Choose a Good Editor

Your code editor is your main development tool; you use it to write and save lines of code. Write better code faster by learning your editor's shortcuts and installing key plugins.

TL;DR

  • Choose an editor that lets you customize short-cuts and has lots of plugins to help you write better code.
  • Consider installing a package manager to make it easier to discover, install, and update plugins.
  • Use the package manager to install plugins that help keep you productive during development; start with the recommendations in this guide.

Truly learn to use your editor

Code editors are the quintessential development tool. But what makes an editor more than a simple word processor are its shortcuts that get you working faster.

You know you’ve truly learned to use your editor when you are able to quickly move around your code using a range of keyboard short-cuts and editor commands. It’s always good to keep a cheatsheet handy for editor commands. Top editors also let you customize commands and keyboard shortcuts so that you only have to remember your own implementations.

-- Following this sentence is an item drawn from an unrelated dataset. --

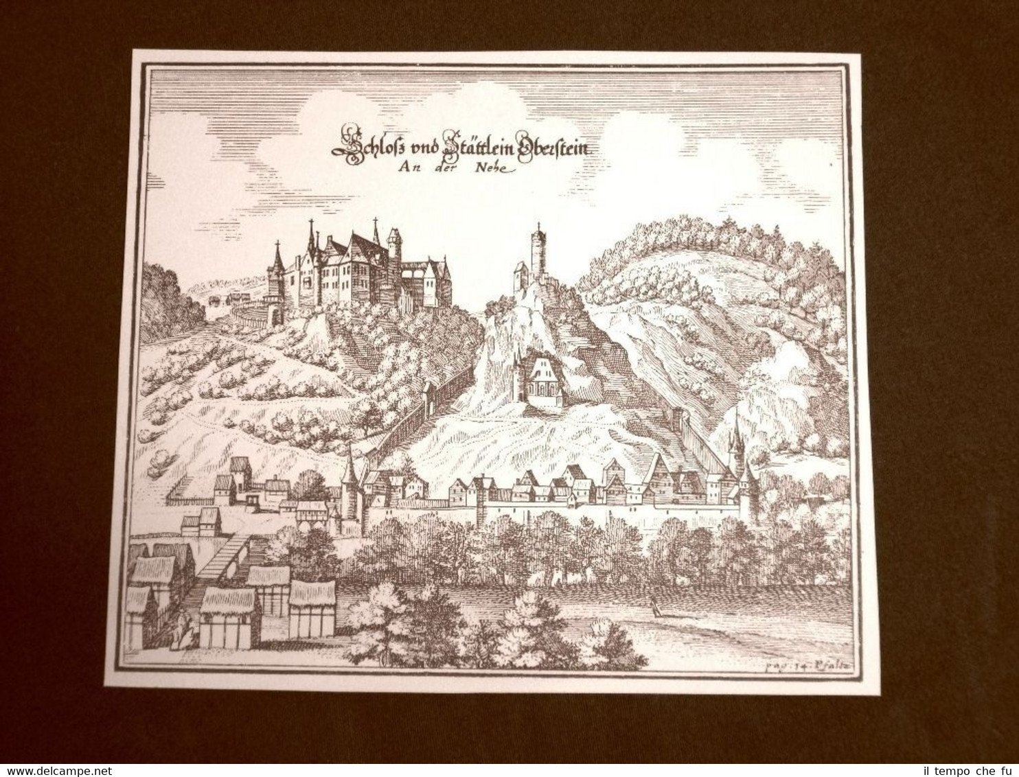 Castello di Idar-Oberstein Germania Incisione Merian Matthäus del 1640 Ristampa

Sublime is a great editor with tons of plugins to help you write better code faster. It also has a package manager that makes it easy to install new plugins. Though Sublime costs money, you can try it for free and this guide assumes Sublime as the default editor of choice.

Note

  • Rob Dodson's blog post on how to get to know and love Sublime is a great reference for getting the most out of your editor. The concepts are relevant to any text editor, not just Sublime.

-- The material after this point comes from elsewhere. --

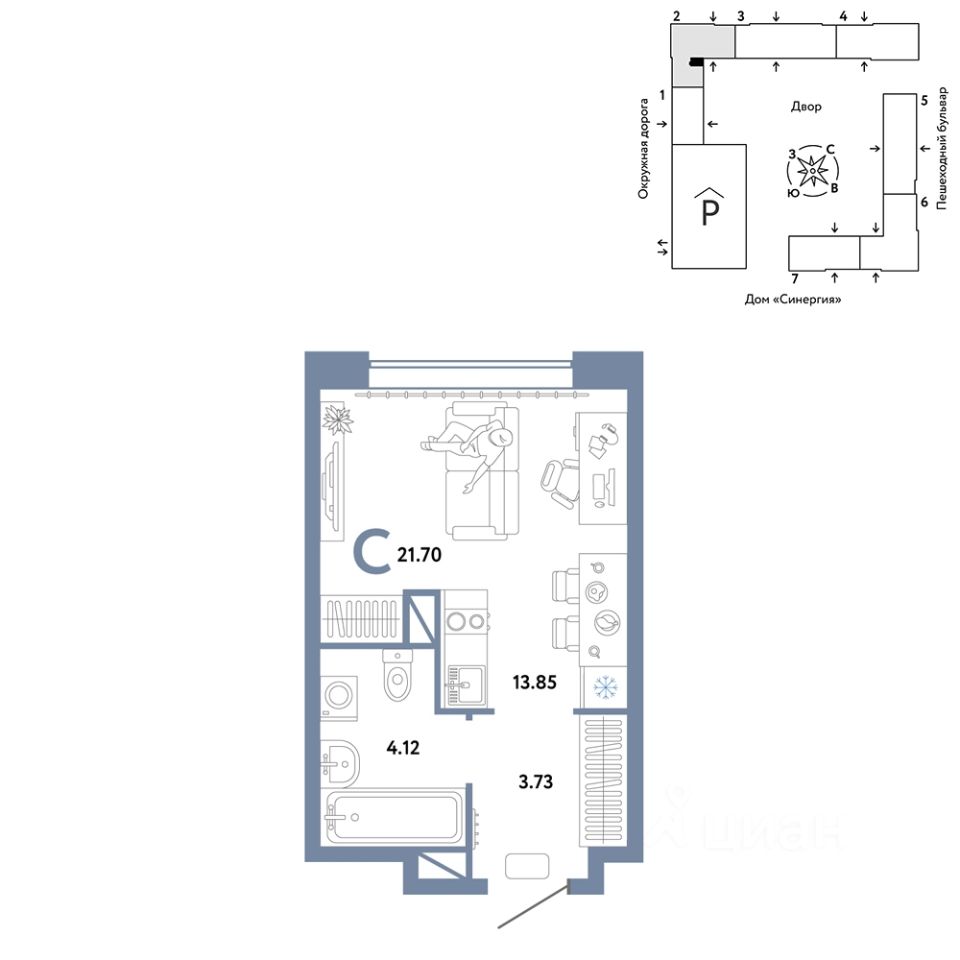 Продается студия на 11 этаже от застройщика Страна Девелопмент. Площадь квартиры 21,7 кв. м.

Install the package manager

Package managers make it easy to find, install, and keep packages / plugins up-to-date.

Here’s a sneak peak at what you can do with the Sublime Text package manager .

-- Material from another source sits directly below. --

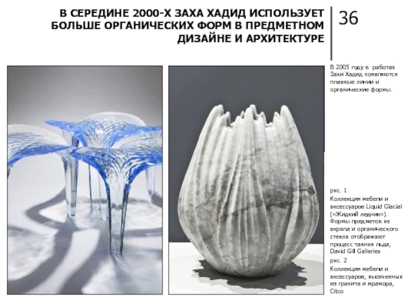 В СЕРЕДИНЕ 2000-Х ЗАХА ХАДИД ИСПОЛЬЗУЕТ БОЛЬШЕ ОРГАНИЧЕСКИХ ФОРМ В ПРЕДМЕТНОМ ДИЗАЙНЕ И АРХИТЕКТУРЕ

project files in dist directory

There’s a plugin for that

Plugins help you stay more productive. What are the things you keep having to go back out to other tools to do?

Linting - there’s a plugin for that. Showing what changes haven’t been committed - there are plugins for that. Integration with other tools, such as GitHub, there are plugins for that.

Package managers make it very easy to find, install, and update plugins. In the Sublime editor, open your package manager ( ctrl+shift+p ), enter ‘Install Package’, and then enter the name of the plugin you are looking for (or else browse all plugins).

Check out these trending lists of Sublime plugins . Here are the plugins we love and recommend you install because they help you speed up your development:

Plugin Description
Autoprefixer Uses Autoprefixer library to prefix properties and values according to the Can I Use database .
ColorPicker Pick any color from the palette.
Emmet Web developer toolkit.
GitGutter Shows an icon in the gutter area indicating whether a line has been inserted, modified or deleted.
HTML-CSS-JS Prettify Formats your HTML, CSS, JavaScript and JSON code so it looks pretty.
LiveReload Live reloading browser support. If you're using the Web Starter Kit, you don't need this plugin.
PolymerSnippets Keyboard short-cuts to create Polymer and Web Component snippets fast.
sublime-github Useful GitHub commands like opening and editing files in GitHub.
SublimeLinter Code linter to help you write cleaner and bug-free code.
Tag Set of utilities to work with HTML/XML tags.
Theme - Soda Dark and light custom UI themes.